Work to be completed: There is material below. Print exactly the lines starting at the line with "Straps on Clasp***" and ending at the line with "为更好地宣传聋人手语和文化,促进健听人和", ends included, and no others.

** Opening Data to use block **

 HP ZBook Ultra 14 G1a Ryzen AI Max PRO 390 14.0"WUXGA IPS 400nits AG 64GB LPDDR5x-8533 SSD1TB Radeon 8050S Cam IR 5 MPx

** Closing Data to use block **
** Opening Data to use block **

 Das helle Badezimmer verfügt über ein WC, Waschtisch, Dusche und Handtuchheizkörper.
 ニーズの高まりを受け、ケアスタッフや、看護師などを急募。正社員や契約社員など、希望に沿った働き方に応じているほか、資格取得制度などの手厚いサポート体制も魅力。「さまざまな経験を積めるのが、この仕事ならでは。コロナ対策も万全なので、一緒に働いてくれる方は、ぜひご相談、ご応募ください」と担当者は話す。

** Closing Data to use block **
** Opening Data to use block **

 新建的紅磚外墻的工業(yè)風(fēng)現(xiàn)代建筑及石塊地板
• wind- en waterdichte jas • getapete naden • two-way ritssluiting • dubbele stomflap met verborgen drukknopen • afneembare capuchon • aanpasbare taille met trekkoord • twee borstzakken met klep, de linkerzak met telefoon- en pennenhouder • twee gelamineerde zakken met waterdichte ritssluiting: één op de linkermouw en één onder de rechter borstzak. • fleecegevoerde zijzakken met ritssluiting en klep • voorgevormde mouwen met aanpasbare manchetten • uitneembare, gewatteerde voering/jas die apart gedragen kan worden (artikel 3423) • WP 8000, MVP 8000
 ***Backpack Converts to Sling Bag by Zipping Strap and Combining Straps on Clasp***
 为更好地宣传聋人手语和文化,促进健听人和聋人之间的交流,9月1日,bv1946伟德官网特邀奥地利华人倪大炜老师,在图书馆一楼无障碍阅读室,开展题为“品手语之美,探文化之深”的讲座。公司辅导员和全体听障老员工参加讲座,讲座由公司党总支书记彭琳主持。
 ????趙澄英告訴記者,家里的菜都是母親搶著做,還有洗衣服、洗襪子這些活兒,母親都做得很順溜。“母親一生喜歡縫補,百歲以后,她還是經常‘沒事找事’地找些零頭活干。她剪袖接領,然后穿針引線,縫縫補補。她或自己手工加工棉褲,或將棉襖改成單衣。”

** Closing Data to use block **

Exercise solution:
 ***Backpack Converts to Sling Bag by Zipping Strap and Combining Straps on Clasp***
 为更好地宣传聋人手语和文化,促进健听人和聋人之间的交流,9月1日,bv1946伟德官网特邀奥地利华人倪大炜老师,在图书馆一楼无障碍阅读室,开展题为“品手语之美,探文化之深”的讲座。公司辅导员和全体听障老员工参加讲座,讲座由公司党总支书记彭琳主持。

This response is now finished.